● Problem statement
What you give back from the listing below should be an exact copy of the lines from the one with "(2)数量変更後は注文確認画面に進み、注文を完了してください。" down to the one with "Fusion Training Tables", and it should contain no pictures.

● Material for the task
↓↓↓
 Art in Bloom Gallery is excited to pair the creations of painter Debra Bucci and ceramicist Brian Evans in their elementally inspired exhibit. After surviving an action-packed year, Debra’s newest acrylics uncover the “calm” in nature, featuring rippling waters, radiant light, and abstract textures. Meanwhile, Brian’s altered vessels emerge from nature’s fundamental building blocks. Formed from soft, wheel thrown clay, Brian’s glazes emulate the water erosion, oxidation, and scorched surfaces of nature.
↑↑↑
↓↓↓
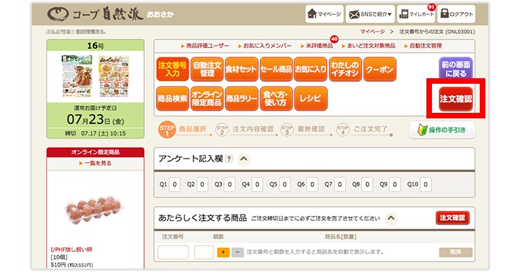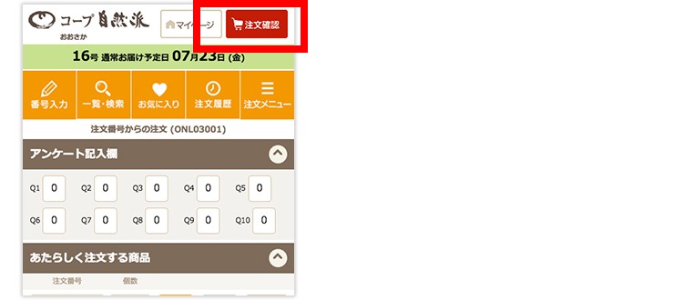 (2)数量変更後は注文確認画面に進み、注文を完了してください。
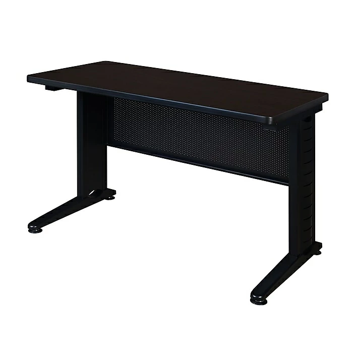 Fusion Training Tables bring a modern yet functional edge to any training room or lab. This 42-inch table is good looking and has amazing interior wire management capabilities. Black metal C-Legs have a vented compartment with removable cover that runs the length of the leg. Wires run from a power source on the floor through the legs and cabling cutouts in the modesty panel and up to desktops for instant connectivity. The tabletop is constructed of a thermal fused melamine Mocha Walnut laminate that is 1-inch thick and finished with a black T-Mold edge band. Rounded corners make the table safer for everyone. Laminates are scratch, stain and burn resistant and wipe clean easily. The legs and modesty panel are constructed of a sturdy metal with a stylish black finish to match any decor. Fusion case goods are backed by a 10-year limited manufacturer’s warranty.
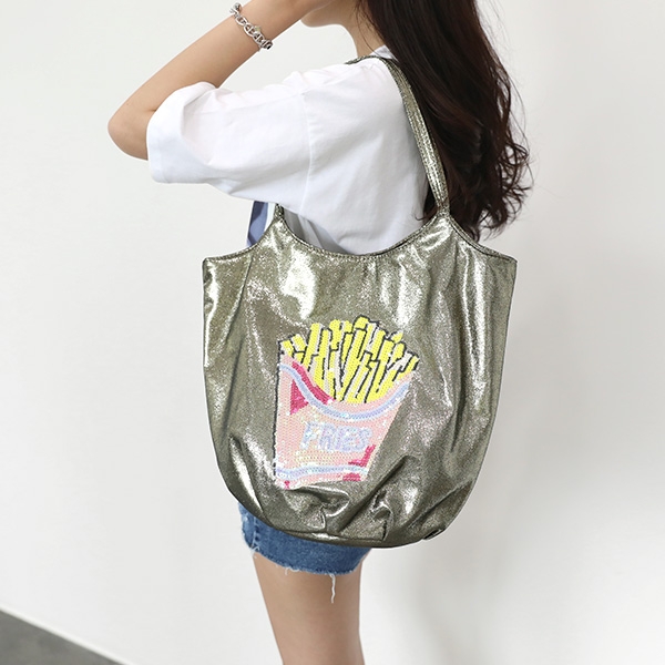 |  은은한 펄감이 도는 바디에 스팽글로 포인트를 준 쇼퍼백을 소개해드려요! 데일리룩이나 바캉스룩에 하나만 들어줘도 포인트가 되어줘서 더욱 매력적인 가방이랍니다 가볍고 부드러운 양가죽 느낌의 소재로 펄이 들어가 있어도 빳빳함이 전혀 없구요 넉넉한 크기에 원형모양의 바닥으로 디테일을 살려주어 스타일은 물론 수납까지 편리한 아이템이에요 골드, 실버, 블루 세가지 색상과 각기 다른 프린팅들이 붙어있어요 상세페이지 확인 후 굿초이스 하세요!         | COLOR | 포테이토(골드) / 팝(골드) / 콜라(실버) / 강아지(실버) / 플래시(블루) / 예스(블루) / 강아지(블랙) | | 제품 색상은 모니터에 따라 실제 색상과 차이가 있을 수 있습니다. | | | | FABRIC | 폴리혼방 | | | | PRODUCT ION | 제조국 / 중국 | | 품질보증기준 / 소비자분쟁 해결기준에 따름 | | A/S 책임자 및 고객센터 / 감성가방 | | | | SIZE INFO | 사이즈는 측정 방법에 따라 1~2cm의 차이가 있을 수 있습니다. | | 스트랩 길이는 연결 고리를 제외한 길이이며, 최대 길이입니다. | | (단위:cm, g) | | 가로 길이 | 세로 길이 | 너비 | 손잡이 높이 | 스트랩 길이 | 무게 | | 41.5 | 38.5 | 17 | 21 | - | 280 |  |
↑↑↑
● Answer for this exercise
 (2)数量変更後は注文確認画面に進み、注文を完了してください。
 Fusion Training Tables bring a modern yet functional edge to any training room or lab. This 42-inch table is good looking and has amazing interior wire management capabilities. Black metal C-Legs have a vented compartment with removable cover that runs the length of the leg. Wires run from a power source on the floor through the legs and cabling cutouts in the modesty panel and up to desktops for instant connectivity. The tabletop is constructed of a thermal fused melamine Mocha Walnut laminate that is 1-inch thick and finished with a black T-Mold edge band. Rounded corners make the table safer for everyone. Laminates are scratch, stain and burn resistant and wipe clean easily. The legs and modesty panel are constructed of a sturdy metal with a stylish black finish to match any decor. Fusion case goods are backed by a 10-year limited manufacturer’s warranty.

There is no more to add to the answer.